2023/10/14 16:48:39 INFO <<- type=S msg="server_encoding\x00UTF8\x00"
2023/10/14 16:48:39 INFO <<- type=S msg="server_version\x0015.2 (Debian 15.2-1.pgdg110+1)\x00"
2023/10/14 16:48:39 INFO <<- type=S msg="session_authorization\x00user\x00"
2023/10/14 16:48:39 INFO <<- type=S msg="standard_conforming_strings\x00on\x00"
2023/10/14 16:48:39 INFO <<- type=S msg="TimeZone\x00Etc/UTC\x00"
2023/10/14 16:48:39 INFO <<- type=K msg="\x00\x00\x00K/\xb5J1"
2023/10/14 16:48:39 INFO <<- type=Z msg=I
2023/10/14 16:48:39 INFO ->> type=Q msg="DROP TABLE IF EXISTS t CASCADE;\x00"
2023/10/14 16:48:39 INFO <<- type=C msg="DROP TABLE\x00"
2023/10/14 16:48:39 INFO <<- type=Z msg=I
2023/10/14 16:48:39 INFO ->> type=Q msg="CREATE TABLE public.t (id serial primary key, field1 text null, field2 int not null, field3 jsonb not null)\x00"
2023/10/14 16:48:39 INFO <<- type=C msg="CREATE TABLE\x00"
2023/10/14 16:48:39 INFO <<- type=Z msg=I
2023/10/14 16:48:39 INFO ->> type=P msg="stmtcache_1\x00select \"field1\", \"field2\", \"field3\" from \"public\".\"t\"\x00\x00\x00"
2023/10/14 16:48:39 INFO ->> type=D msg="Sstmtcache_1\x00"
2023/10/14 16:48:39 INFO ->> type=S msg=""
2023/10/14 16:48:39 INFO <<- type=1 msg=""
2023/10/14 16:48:39 INFO <<- type=t msg="\x00\x00"
2023/10/14 16:48:39 INFO <<- type=T msg="\x00\x03field1\x00\x00\x00@\x18\x00\x02\x00\x00\x00\x19\xff\xff\xff\xff\xff\xff\x00\x00field2\x00\x00\x00@\x18\x00\x03\x00\x00\x00\x17\x00\x04\xff\xff\xff\xff\x00\x00field3\x00\x00\x00@\x18\x00\x04\x00\x00\x0e\xda\xff\xff\xff\xff\xff\xff\x00\x00"
2023/10/14 16:48:39 INFO <<- type=Z msg=I
2023/10/14 16:48:39 INFO ->> type=Q msg="copy \"public\".\"t\" ( \"field1\", \"field2\", \"field3\" ) from stdin binary;\x00"
2023/10/14 16:48:39 INFO <<- type=G msg="\x01\x00\x03\x00\x01\x00\x01\x00\x01"
2023/10/14 16:48:39 INFO ->> type=d msg="PGCOPY\n\xff\r\n\x00\x00\x00\x00\x00\x00\x00\x00\x00\x00\x03\x00\x00\x00\ttest text\x00\x00\x00\x04\x00\x00\x00*\x00\x00\x00\x11\x01{\"some\": \"json\"}\x00\x03\xff\xff\xff\xff\x00\x00\x00\x04\x00\x00\x00\a\x00\x00\x00\x05\x01null"
2023/10/14 16:48:39 INFO ->> type=c msg=""
2023/10/14 16:48:39 INFO <<- type=C msg="COPY 2\x00"
2023/10/14 16:48:39 INFO <<- type=Z msg=I

My example repo is now functional if you want to try it.

Hi @hectorj thanks for the update!

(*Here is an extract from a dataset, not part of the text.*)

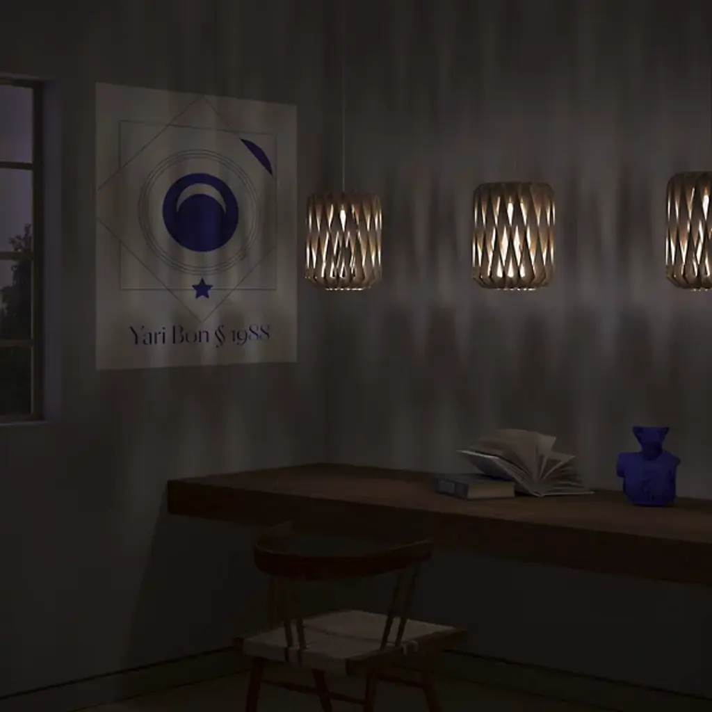 Intricate design and natural material compose the Pilke Barrel Mini Pendant by Pilke Lights. The cylindrical fixture lends a highly contemporary feel to elevate a space’s décor while casting a warm layer of light. From designer Tuuka Halonen, this pendant is inspired by traditional Finnish shingle work, with plywood forming a delicately ornate diamond motif around its central lamping. Translating to “twinkle” in Finnish, Pilke’s unique design allows its light to glisten elegantly through the shade’s openings.

I apologize, but I'm currently dealing with some personal matters this week that require my attention. I will take a look at this issue as soon as possible. It seems the COPY flow simply has to be implemented for the messages to be handled correctly.

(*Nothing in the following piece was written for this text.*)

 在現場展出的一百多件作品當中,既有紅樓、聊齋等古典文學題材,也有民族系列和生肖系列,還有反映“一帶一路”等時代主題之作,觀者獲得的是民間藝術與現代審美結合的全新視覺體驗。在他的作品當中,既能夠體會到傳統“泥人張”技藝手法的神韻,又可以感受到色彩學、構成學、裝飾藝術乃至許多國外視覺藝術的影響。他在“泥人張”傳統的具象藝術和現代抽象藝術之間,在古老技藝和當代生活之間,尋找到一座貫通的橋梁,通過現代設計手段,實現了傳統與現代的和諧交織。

Hey, no worry: you don't have to apologize for not putting benevolent work first ^^

I'm actually testing another lower-level approach (closer to what psql-proxy does) for my project, so there is really no hurry at all.

@hectorj Did you find a solution that works for you? I'm needing something similar.